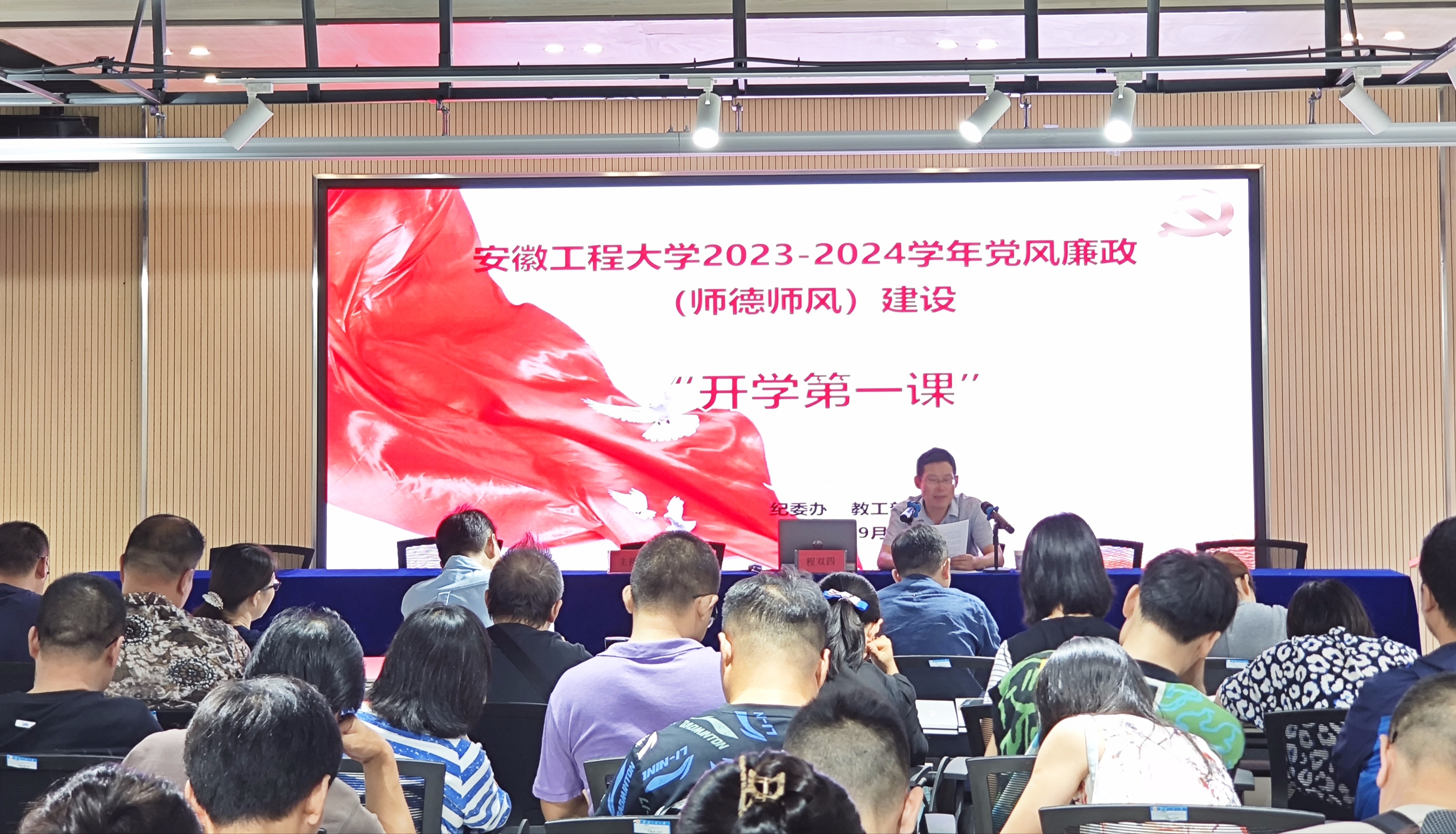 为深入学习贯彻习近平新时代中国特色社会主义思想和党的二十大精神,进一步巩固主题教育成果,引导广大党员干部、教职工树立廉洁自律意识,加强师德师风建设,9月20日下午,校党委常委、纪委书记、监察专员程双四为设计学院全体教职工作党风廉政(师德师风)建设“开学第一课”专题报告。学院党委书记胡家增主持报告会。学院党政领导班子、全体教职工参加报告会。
***
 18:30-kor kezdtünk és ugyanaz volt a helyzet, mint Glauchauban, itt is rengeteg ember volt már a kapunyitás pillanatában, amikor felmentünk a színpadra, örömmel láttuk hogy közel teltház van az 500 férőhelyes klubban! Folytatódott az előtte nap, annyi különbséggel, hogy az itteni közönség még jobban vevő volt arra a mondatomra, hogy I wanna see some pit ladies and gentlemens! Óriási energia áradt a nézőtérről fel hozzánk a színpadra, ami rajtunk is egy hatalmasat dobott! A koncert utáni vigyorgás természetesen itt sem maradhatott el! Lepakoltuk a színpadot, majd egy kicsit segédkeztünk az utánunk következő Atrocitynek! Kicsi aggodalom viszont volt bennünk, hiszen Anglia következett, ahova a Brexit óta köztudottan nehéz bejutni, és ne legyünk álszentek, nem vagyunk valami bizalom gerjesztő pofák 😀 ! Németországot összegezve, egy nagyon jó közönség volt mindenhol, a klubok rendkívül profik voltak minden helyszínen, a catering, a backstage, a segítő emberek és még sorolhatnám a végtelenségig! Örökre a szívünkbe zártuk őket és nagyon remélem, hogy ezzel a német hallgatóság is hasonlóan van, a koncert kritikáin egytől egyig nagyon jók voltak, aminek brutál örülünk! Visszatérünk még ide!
***
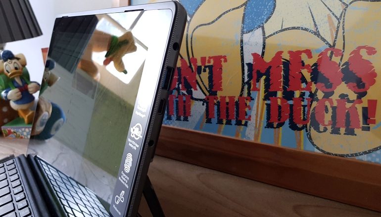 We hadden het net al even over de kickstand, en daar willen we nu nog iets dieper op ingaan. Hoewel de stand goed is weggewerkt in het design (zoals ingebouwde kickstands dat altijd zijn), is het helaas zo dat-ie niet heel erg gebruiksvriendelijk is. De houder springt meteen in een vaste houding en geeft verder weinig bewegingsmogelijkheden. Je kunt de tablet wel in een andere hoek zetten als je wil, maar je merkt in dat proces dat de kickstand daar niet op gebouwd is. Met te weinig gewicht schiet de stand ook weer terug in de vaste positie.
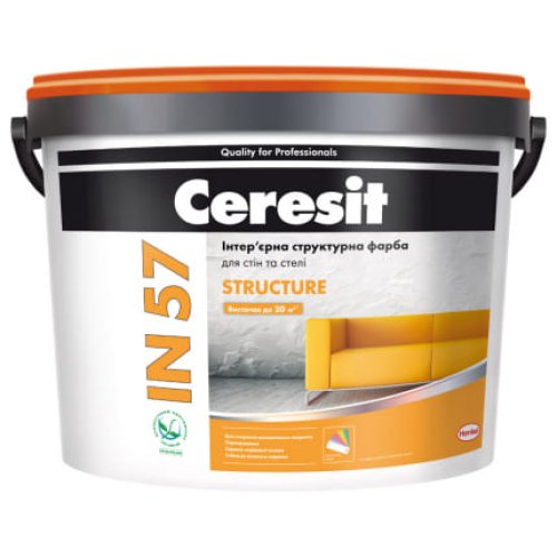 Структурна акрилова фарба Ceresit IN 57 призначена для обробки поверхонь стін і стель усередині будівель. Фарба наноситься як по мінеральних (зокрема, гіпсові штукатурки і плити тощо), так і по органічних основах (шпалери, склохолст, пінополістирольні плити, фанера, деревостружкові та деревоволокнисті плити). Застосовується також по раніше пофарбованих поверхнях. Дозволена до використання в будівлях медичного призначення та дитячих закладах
***
Task: Copy everything above from the line holding "We hadden het" down to the line holding "Структурна акрилова фарба", both ends included, exactly as it stands and without the pictures.

Written answer:
 We hadden het net al even over de kickstand, en daar willen we nu nog iets dieper op ingaan. Hoewel de stand goed is weggewerkt in het design (zoals ingebouwde kickstands dat altijd zijn), is het helaas zo dat-ie niet heel erg gebruiksvriendelijk is. De houder springt meteen in een vaste houding en geeft verder weinig bewegingsmogelijkheden. Je kunt de tablet wel in een andere hoek zetten als je wil, maar je merkt in dat proces dat de kickstand daar niet op gebouwd is. Met te weinig gewicht schiet de stand ook weer terug in de vaste positie.
 Структурна акрилова фарба Ceresit IN 57 призначена для обробки поверхонь стін і стель усередині будівель. Фарба наноситься як по мінеральних (зокрема, гіпсові штукатурки і плити тощо), так і по органічних основах (шпалери, склохолст, пінополістирольні плити, фанера, деревостружкові та деревоволокнисті плити). Застосовується також по раніше пофарбованих поверхнях. Дозволена до використання в будівлях медичного призначення та дитячих закладах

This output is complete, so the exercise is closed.